Countering – This is when the partner expresses a thought and the abuser immediately counters that view with his/her own without listening to or considering it.
Discounting – When the abuser discounts the partner’s views or thoughts, telling the partner their ideas are insignificant, incorrect, or stupid. The abuser will often discount the partner’s memory about the abuse itself.
Verbal abuse disguised as jokes – These “jokes” can be very hurtful, especially if delivered in public.
Blocking and diverting – When the partner wants to discuss a concern, the abuser changes the subject and prevents any further discussion or resolution.
Accusing and blaming – The abuser will accuse the partner of an offense. The abuser may well know the partner is innocent of the supposed offense, but this tactic serves the purpose of putting the partner on the defensive rather than seeing the behavior of the abuser. Narcissists are known to use “projection”-where they project their own negative behavior or feelings onto the victim by accusing the victim of doing something that the abuser actually had done or felt.
Judging and criticizing – This serves to weaken the partner’s self-esteem and increases the victim’s need to look to the abuser for validation.
Trivializing – This is when the abuser minimizes something that is important to the partner, such as a concern about something the abuser has done.

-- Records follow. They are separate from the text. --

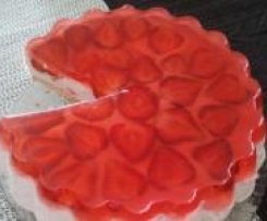 W "Radość gotowania" jest świetny przepis na taki właśnie sernik, tylko w wersji brzoskwiniowo-wiśniowej, ale ja właśnie robię tylko w wersji truskawkowej. Lekki, bardzo smaczny i bez chemii - biszkopty, ser wymieszany z cukrem, galaretką i odrobiną masła i na wierzchu owoce z galaretką - pychota!! A chemii w naszych potrawach da się uniknąć i nie trzeba mieszkać w gospodarstwie agroturystycznym ani nie trzeba mieć góry pieniędzy, wystarczy troszeczkę "pokombinować"
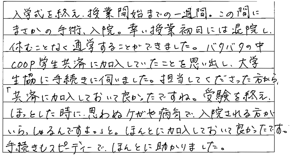 高校生である18歳まで居住区での医療費助成制度があり、病気やケガの保障には加入していませんでした。区からの助成がなくなることもあり、大学生になったら、娘の安心のために何か保障制度に加入したいと考えておりました。入学資料の生協パンフレットを初めて読み、大学生活に寄り添った保障であることが気に入りました。とはいえ、大学の学費の上に、早大生基本プランに加入すると一時的に出費が大きく、迷いもありました。
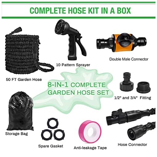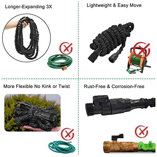 Expandable Garden Hose Pipe with 10 Function Spray Nozzle,Lightweight Flexible Garden Hose with 3/4″,1/2″ Connector Fittings,Anti-Leakage No-Kink Magic Garden Hose Pipes
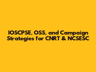 IOSCPSE, OSS, And Campaign Strategies For CNRT & NCSESC
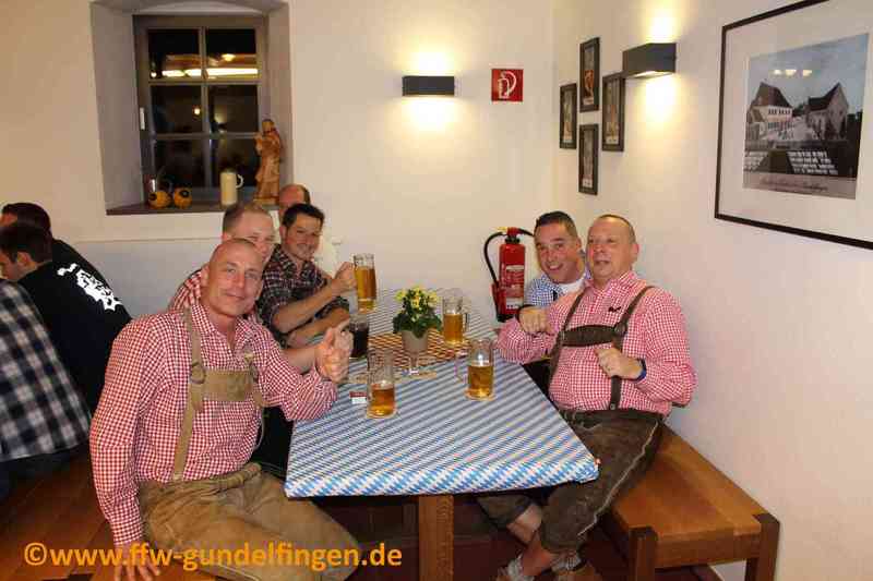 Ende Oktober fand wieder einmal das Oktoberfest der Feuerwehr Gundelfingen im Gundelfinger Bleichestadel statt. Neben den Gundelfinger Feuerwehrkameradinnen und -kameraden inkl. Lebenspartner waren auch die Kameraden aus Peterswörth, Echenbrunn, der Werkfeuerwehr Gartner sowie Kreisbrandinspektor Markus Tratzmiller mit Frau anwesend. Zur Überraschung und Freude aller Anwesenden standen auf einmal auch 6 Feuerwehrmänner von der befreundeten Brandweeer Beek (Niederlande) im Bleichestadel, die extra angereist waren. Des Weiteren konnten Vorstand Uwe Hartshauser und Kommandant Michael Wohlhüter auch mehrere Stadträte sowie Bürgermeisterin Miriam Gruß willkommen heißen. Für das leibliche Wohl hatten die Gundelfinger einen Grillwagen der Fa. Mössle mit frischen Hax´n, Händl und Spareribs organisiert. Wie inzwischen bei jedem Oktoberfest Tradition gab es auch ein kleines Spiel. Hierbei mussten die Kommandanten der anwesenden Wehren bei einer Bierverkostung jeweils das Oettinger herausschmecken. Dies gelang dem Beeker Dennis Smeets am besten. Als Zeitvertreib gab es auch noch die Möglichkeit des Wettnagelns an einem Baumstamm.

Undermining – When the partner wants to do something positive in her/his life, the abuser becomes threatened and tries to stop the partner. It may be an overt command, subtly convincing the partner that it is a bad idea, or a covert action that would deter the partner from going.

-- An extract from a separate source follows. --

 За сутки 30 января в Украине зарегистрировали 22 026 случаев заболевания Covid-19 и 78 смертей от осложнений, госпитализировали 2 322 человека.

Threatening – This can include threats of divorce, of leaving, of abuse, or other threats of actions that would hurt (psychologically or physically) the partner or someone the partner cares about.

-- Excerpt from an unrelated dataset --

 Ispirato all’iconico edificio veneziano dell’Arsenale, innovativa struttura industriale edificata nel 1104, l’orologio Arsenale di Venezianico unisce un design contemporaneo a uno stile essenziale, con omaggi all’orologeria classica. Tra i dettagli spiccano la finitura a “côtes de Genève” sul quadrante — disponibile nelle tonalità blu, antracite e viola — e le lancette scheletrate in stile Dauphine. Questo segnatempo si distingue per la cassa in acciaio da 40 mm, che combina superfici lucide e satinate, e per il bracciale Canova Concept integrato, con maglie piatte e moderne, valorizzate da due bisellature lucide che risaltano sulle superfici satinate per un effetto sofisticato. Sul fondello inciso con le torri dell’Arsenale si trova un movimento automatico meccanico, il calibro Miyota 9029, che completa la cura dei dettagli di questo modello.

Name-calling – This de-humanizes the partner and erodes the partner’s self-esteem.
Forgetting – This often includes the abuser ‘forgetting’ about incidents of abuse, which undermines the partner’s reality. The abuser may also ‘forget’ about things that he or she knows are very important to their partner.
Ordering – Treating the partner as a child or a slave; denying the independence of the partner.
Denial – the abuser relentlessly denies his/her actions. This discounts the reality of a partner (this is also known as “crazy making”).
Abusive Anger – When the abuser becomes enraged to the point of frightening the partner. This rage often is caused by incidents that a non-abuser would consider insignificant.
What to Do in an Abusive Relationship?
The emotional or mental deterioration of the victim is a sign that he or she needs help. There is a considerable recovery process available for victims of narcissistic abuse; it begins with self-education. The victim and the abuser should seek treatment separately, because the process is different for each. The partner (or other victim) can begin by becoming well informed about the disorder (Narcissistic Personality Disorder or NPD) that afflicts the narcissistic abuser, in order to understand that it is not their fault- despite what the abuser has repeatedly told them. They are victims. There are numerous recovery groups for victims of narcissistic abuse as well as individual therapy.
The variety of support and information available on narcissistic abuse is a good starting point because it assists the victim in regaining control over his or her own life. The support groups allow the abused to communicate with others who are undergoing similar trauma and can relieve the stress of feeling hopelessly alone. The sufferers of NPD should also seek counseling in order to better understand their disease and to evaluate the underlying problems that fuel the disorder.